But the show is not all darkness. Joan Semmel’s For Foot Fetishists, a tender oil painting, frames the artist’s naked body laid in bed from the waist down (a women’s alternative to Courbet’s invasive L’Origine du monde), while Miriam Cahn’s paintings bask unabashed in erotic territory.
On the ground floor of the gallery, Isabella Burley of Climax Books has curated a special selection of titles and ephemera in response to the show, all of which are for sale – a creative bibliography of sorts. Founded in 2020 with a focus on rare, countercultural ephemera, books and magazines on art and photography – Burley was formerly editor-in-chief of Dazed, and is currently chief marketing officer at Acne Studios – Climax Books has been selling titles by artists featured in Hardcore for years. “It really was the perfect invitation to collaborate, and a dream come true,” says Burley on the install day. “It’s always been one of my favourite galleries.“
Things for sale by the artists in Hardcore include a rare book made by Schneemann with her menstrual blood inside – “it’s such an amazing art object,” says Burley – a VHS tape of Sick: The Life and Death of Bob Flanagan, Supermasochist, books on Stanislava Kovalcikova and Darja Bajagić, and various titles on Sherman. Elsewhere, Burley expanded on the themes of the exhibition, picking niche literature, periodicals, magazines and books tapping into sexuality, subculture, feminism, autobiography and queerness. “Having the books and ephemera down here adds another layer to the artworks upstairs,” Burley says. “Sadie and John have interpreted the theme in such a nuanced way, and having this quite eclectic range of books from younger emerging artists and writers with some really classic, iconic pieces of ephemera like Catherine Opie’s Dyke Deck felt like an interesting dialogue with the show.”

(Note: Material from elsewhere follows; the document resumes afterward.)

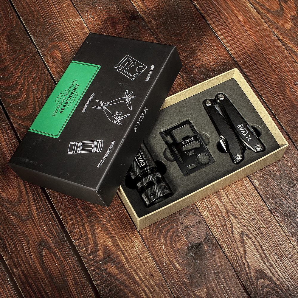 Набір інструментів – це завжди гарна ідея подарунка чоловікові. Набір «Авантюрист» має все необхідне на всі випадки життя. Такий набір неодноразово врятує його власника в складних ситуаціях. Також, набір стане чудовим варіантом подарунка для любителя риболовлі, полювання та подорожей!

Titles by Kathy Acker, Richard Kern and Nan Goldin are on display, while Burley says she “couldn’t be at Sadie Coles and not include a Sarah Lucas book”. Given the natural crossover between Climax Books and Hardcore, what does Burley make of the show upstairs? ”I have so much respect for Sadie and for her programme, and this show feels so monumental,” she says. ”It’s assertive in a way that a lot of shows in London haven’t been recently.” One could say the same of Climax, with its focus on autonomous, spunky women who do things their own way – people like Schneemann and Sherman, who paved the way for women artists grappling with self-image, sexuality and power.
Hardcore at Sadie Coles HQ in London is on show until 5 August 2023.